Detailed Description
In order to make the objects, technical solutions and advantages of the present invention more apparent, embodiments of the present invention will be described in detail below with reference to the accompanying drawings. However, it will be appreciated by those of ordinary skill in the art that numerous technical details are set forth in order to provide a better understanding of the present application in various embodiments of the present invention. However, the technical solutions claimed in the claims of the present application can be implemented without these technical details and with various changes and modifications based on the following embodiments.

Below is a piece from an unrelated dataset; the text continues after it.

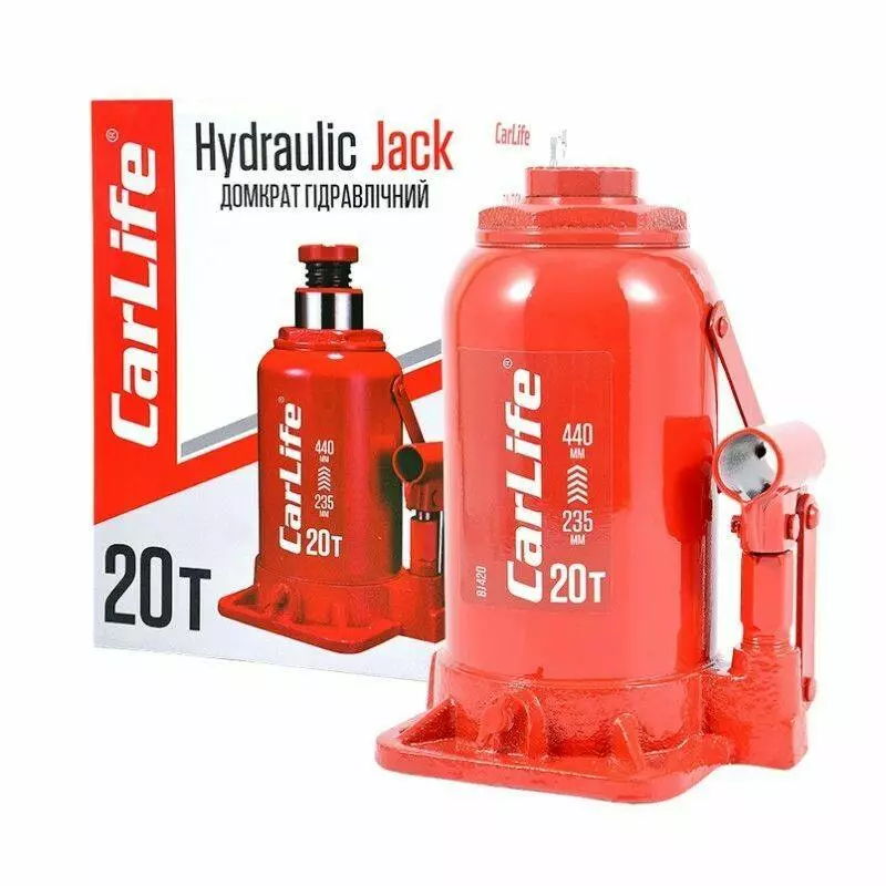 Домкрат гидравлический бутылочный 20т CarLife 235-440мм для автомобиля в картонной упаковке (BJ420)

A first embodiment of the invention relates to a method of detecting standing water. The specific flow is shown in figure 1.
The method comprises the following steps:
101: acquiring a video image frame to be detected and a water accumulation detection model;
102: carrying out water accumulation detection on the video image frame to be detected through the water accumulation detection model to obtain a detection result;
103: and if the detection result is that the accumulated water exists, acquiring the position attribute information of the accumulated water detection area of the target image.
It should be noted that the location attribute information of the ponding detection area includes: detecting frames of the water accumulation areas and coordinates and categories of the position points; the method further comprises the following steps:
acquiring a detection frame with a water accumulation area and a labeled sample set of position point coordinates;
performing data enhancement processing on the labeled sample set to obtain an expansion labeled sample set;
and training the ponding detection model according to the expansion labeling sample set.
It should be further noted that, the method further includes:
acquiring the accumulated water detection model;
and converting the single-precision accumulated water detection model into a half-precision model.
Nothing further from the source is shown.